> **Problem statement**: The answer must give back every line of the data exactly, with no pictures.

> **Information provided**:
((

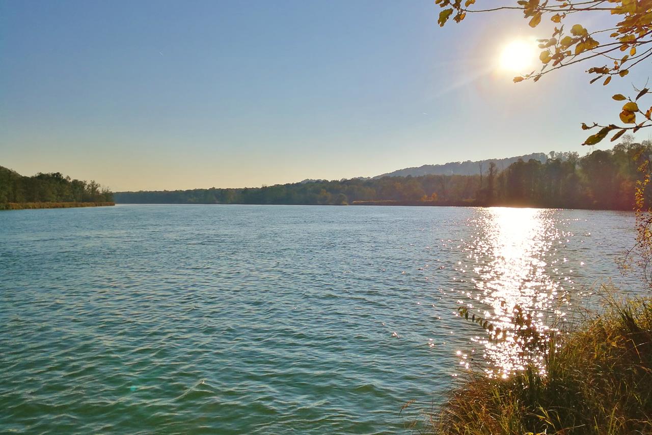 Vor dem Wasserkraftwerk Wasserburg staut sich der Inn zu einem breiten See auf
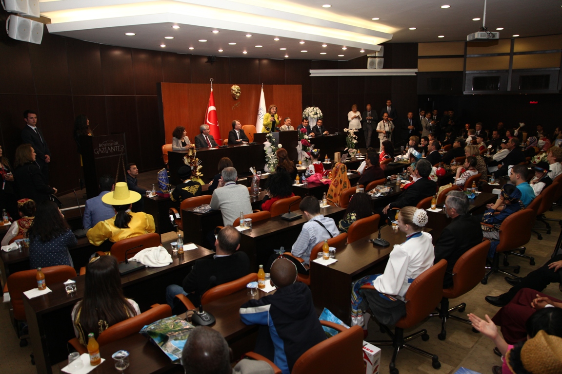 Ülkelerine ait yöresel kıyafetleri ile Büyükşehir Belediyesi Meclis Salonu’nu dolduran çocukları Türkiye’de ve Gaziantep’te görmekten duydukları mutluluğu dile getiren Gaziantep Büyükşehir Belediye Başkanı Fatma Şahin, Gaziantep’in binlerce yıl birçok medeniyete ev sahipliği yapmış, bir barış, kardeşlik ve hoşgörü şehri olduğunu belirtti.
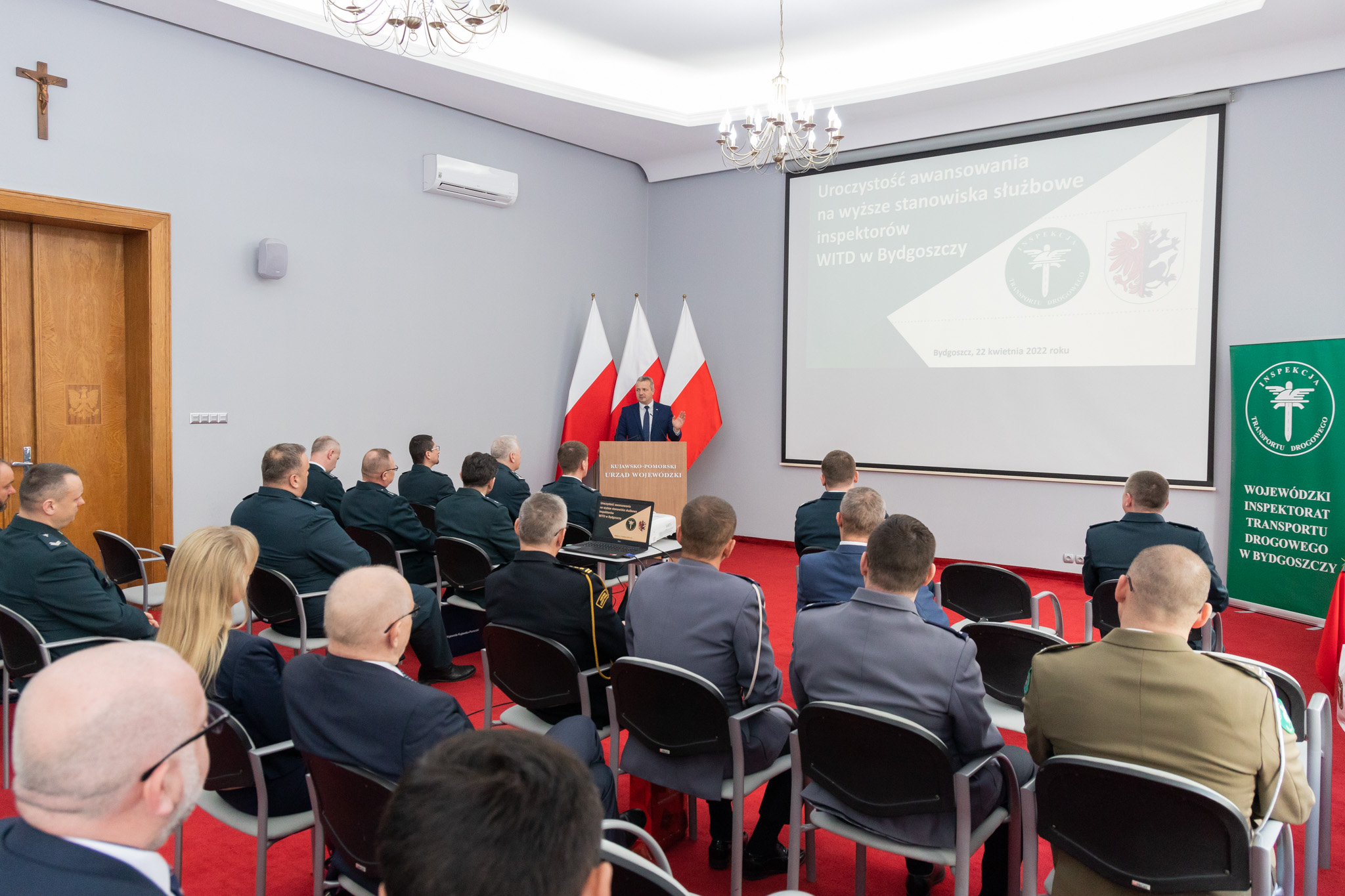 Narada roczna Wojewódzkiego Inspektoratu Transportu Drogowego w Bydgoszczy oraz wręczenie awansów na wyższe stanowiska służbowe, to główne tematy dzisiejszej uroczystości w Kujawsko-Pomorskim Urzędzie Wojewódzkim.

))

> **Finished exercise**:
 Vor dem Wasserkraftwerk Wasserburg staut sich der Inn zu einem breiten See auf
 Ülkelerine ait yöresel kıyafetleri ile Büyükşehir Belediyesi Meclis Salonu’nu dolduran çocukları Türkiye’de ve Gaziantep’te görmekten duydukları mutluluğu dile getiren Gaziantep Büyükşehir Belediye Başkanı Fatma Şahin, Gaziantep’in binlerce yıl birçok medeniyete ev sahipliği yapmış, bir barış, kardeşlik ve hoşgörü şehri olduğunu belirtti.
 Narada roczna Wojewódzkiego Inspektoratu Transportu Drogowego w Bydgoszczy oraz wręczenie awansów na wyższe stanowiska służbowe, to główne tematy dzisiejszej uroczystości w Kujawsko-Pomorskim Urzędzie Wojewódzkim.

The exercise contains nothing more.